[Dataset records]
========================

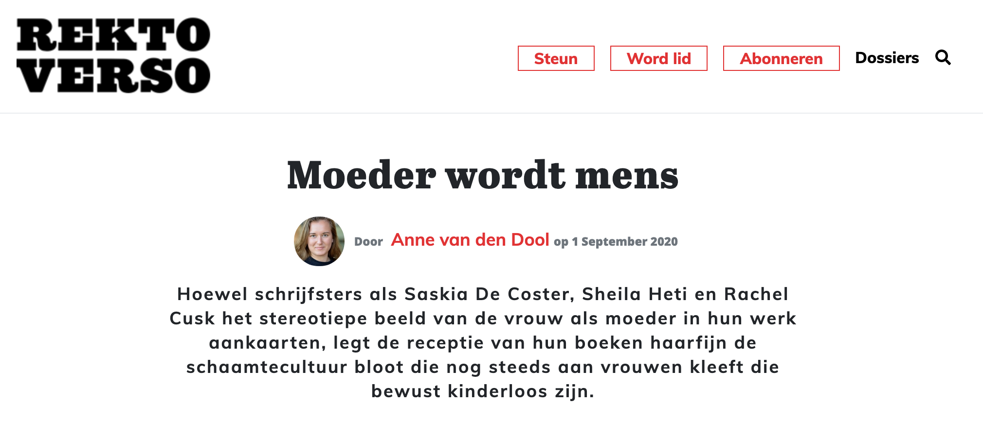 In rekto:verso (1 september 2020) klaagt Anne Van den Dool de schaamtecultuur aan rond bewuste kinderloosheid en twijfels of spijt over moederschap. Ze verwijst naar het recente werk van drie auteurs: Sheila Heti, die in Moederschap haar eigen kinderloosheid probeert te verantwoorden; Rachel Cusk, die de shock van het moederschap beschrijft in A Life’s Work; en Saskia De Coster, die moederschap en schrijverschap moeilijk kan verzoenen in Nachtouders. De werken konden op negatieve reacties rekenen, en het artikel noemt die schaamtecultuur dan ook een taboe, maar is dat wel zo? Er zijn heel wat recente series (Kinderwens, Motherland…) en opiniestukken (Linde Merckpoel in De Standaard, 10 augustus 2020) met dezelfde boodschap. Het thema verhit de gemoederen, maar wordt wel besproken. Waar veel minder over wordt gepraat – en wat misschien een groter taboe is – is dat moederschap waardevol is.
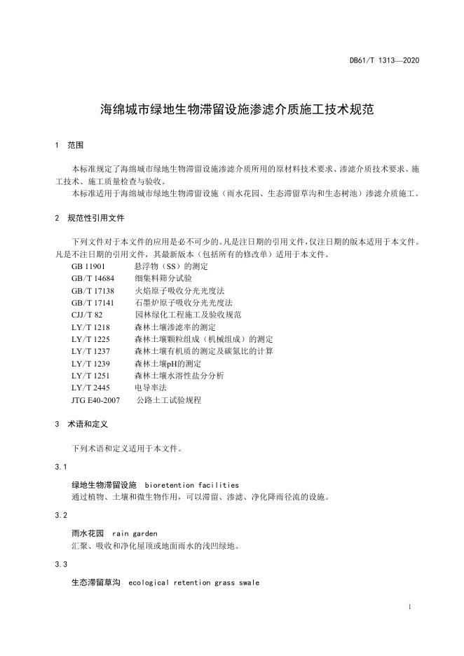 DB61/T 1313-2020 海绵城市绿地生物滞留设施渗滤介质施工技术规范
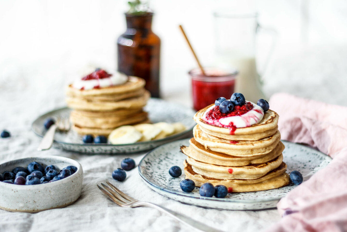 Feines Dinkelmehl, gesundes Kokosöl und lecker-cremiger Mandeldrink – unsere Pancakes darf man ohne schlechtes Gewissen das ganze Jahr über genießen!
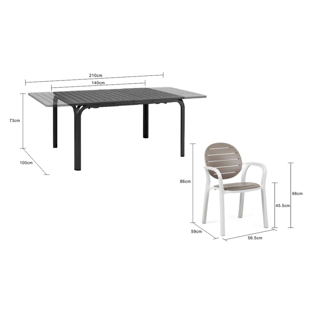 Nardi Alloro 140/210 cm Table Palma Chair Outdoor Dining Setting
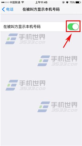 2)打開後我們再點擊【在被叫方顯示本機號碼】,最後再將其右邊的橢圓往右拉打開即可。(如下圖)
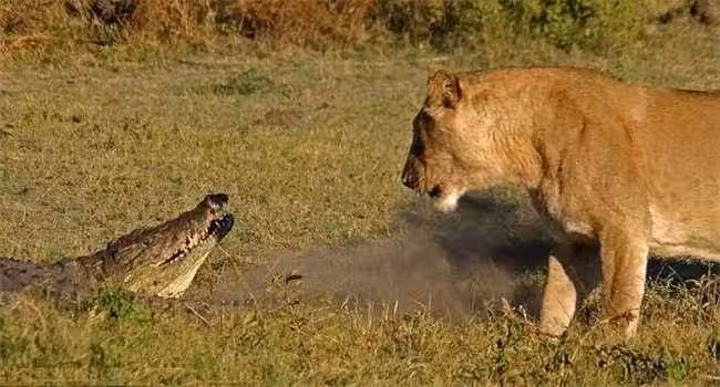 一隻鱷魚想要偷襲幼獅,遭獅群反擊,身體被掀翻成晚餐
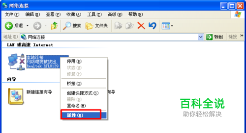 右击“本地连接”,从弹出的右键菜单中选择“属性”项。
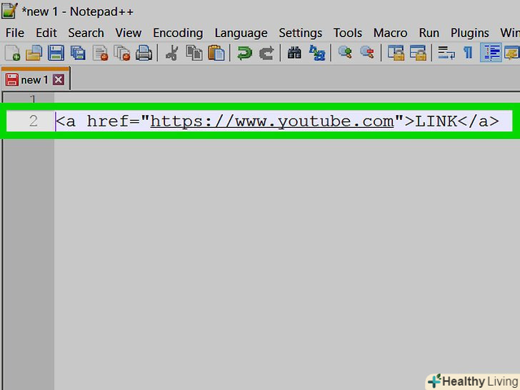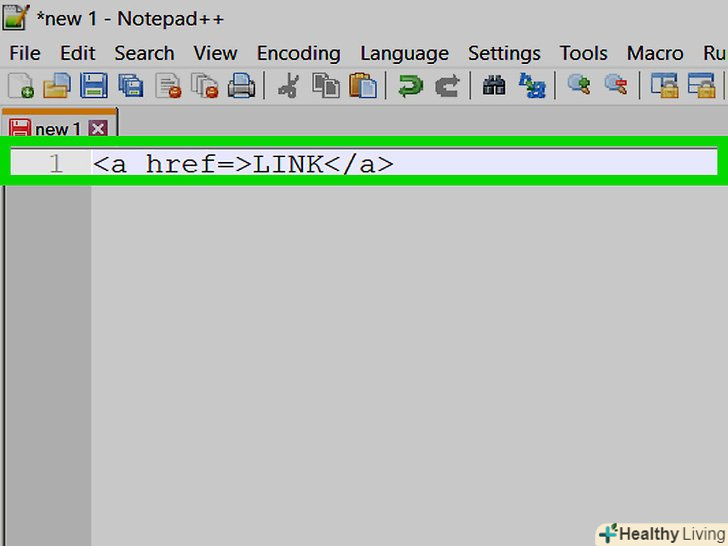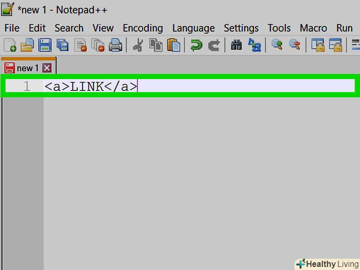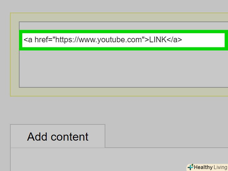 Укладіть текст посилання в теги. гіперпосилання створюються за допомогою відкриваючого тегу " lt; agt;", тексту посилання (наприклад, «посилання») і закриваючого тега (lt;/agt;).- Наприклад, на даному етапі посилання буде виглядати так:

========================

## TASK DESCRIPTION
Find the line with "DB61/T 1313-2020 海绵城市绿地生物滞留设施渗滤介质施工技术规范" and the line with "Nardi Alloro 140/210" in the records above. Copy both and all lines between them exactly, without pictures.

## SOLUTION FOR THIS EXERCISE
 DB61/T 1313-2020 海绵城市绿地生物滞留设施渗滤介质施工技术规范
 Feines Dinkelmehl, gesundes Kokosöl und lecker-cremiger Mandeldrink – unsere Pancakes darf man ohne schlechtes Gewissen das ganze Jahr über genießen!
 Nardi Alloro 140/210 cm Table Palma Chair Outdoor Dining Setting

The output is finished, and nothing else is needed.